Tuesday, September 12, 2006

The Rain is Like an Old Friend

I sat alone at lunch today and looked out the window at the falling rain. The sky looked like it was covered by a fuzzy grey blanket. It’s been a long time since we’ve had a slow soaking rain.

My mind drifted back to when I was a child in West Pratt. Our house sat up high off the ground on cinder blocks pillars and I spent many rainy days under the front porch with my dog Boss. I kept toy cars, army men, tractors and boats under there. I must have built a thousand miles of dirt roads with bridges and underpasses. When I’d get tired of building, there would be some kind of wreck or natural calamity that would take out a bridge and injure the plastic men horribly. It was not uncommon for those workers under there to lose an arm or a leg and sometimes a head.

I also loved just sitting under there and watching the rain. The old sycamore and cottonwood trees in the yard were natural shelters for all kinds of birds and other critters.

When the rain stopped falling, I would go to a small creek that flowed near our house and I would float leaves, sticks, and crude handmade boats down the bubbling creek.

There was a culvert that allowed the water from that little creek to flow under the road that ran in front of our house.

I’ve spent a lot of hours in that “tunnel” too. It had a funny echo and the water made an almost metallic sound as it made its way through. On the other side of the road, the culvert poured into a small pool of water that was full of frogs, water-bugs, and craw dabs (not sure if that’s a word but that’s what we called them). It was its own biosphere. I sat in that tunnel and dreamed about what I would do when I grew up.

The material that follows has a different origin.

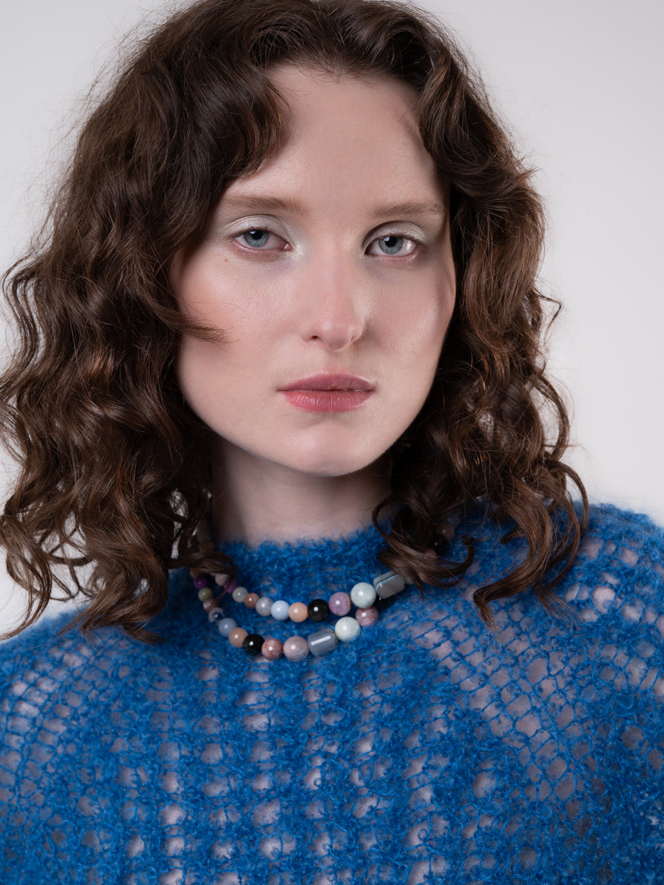 This beaded necklace is made from a combination of Phantom Agate, Sunstone, Peach Chalcedony, Angelite, Morganite, Obsidian, Cherry Blossom Agate, Dumortierite in Quartz, Moonstone, Aquamarine and Jade. It is paired with a sterling silver clasp. Each stone is unique, creating subtle variations in every piece, ensuring no two necklaces are exactly alike.

Many years later when I started to work for The Community News as a photographer and writer, I did a little story about that tunnel and I shot a black and white photograph of my younger brother in there. It holds a fond place in my memory.

I’ve heard people curse the rain and to be honest, back when I had to work outside, I wasn’t that fond of it either, but nowadays I welcome the rain like an old friend.

1 comment:

  1. Wow. That great culvert photo put a lump in my throat. Brings back the whole Community News experience. Those were the days.

    Speaking of rain, I heard a Buddhist proverb a while back that I really liked:

    "Sometimes, when it rains, the best course of action is to let it."

    Amen. Strange, that it's taken me 50 years to learn how to do that.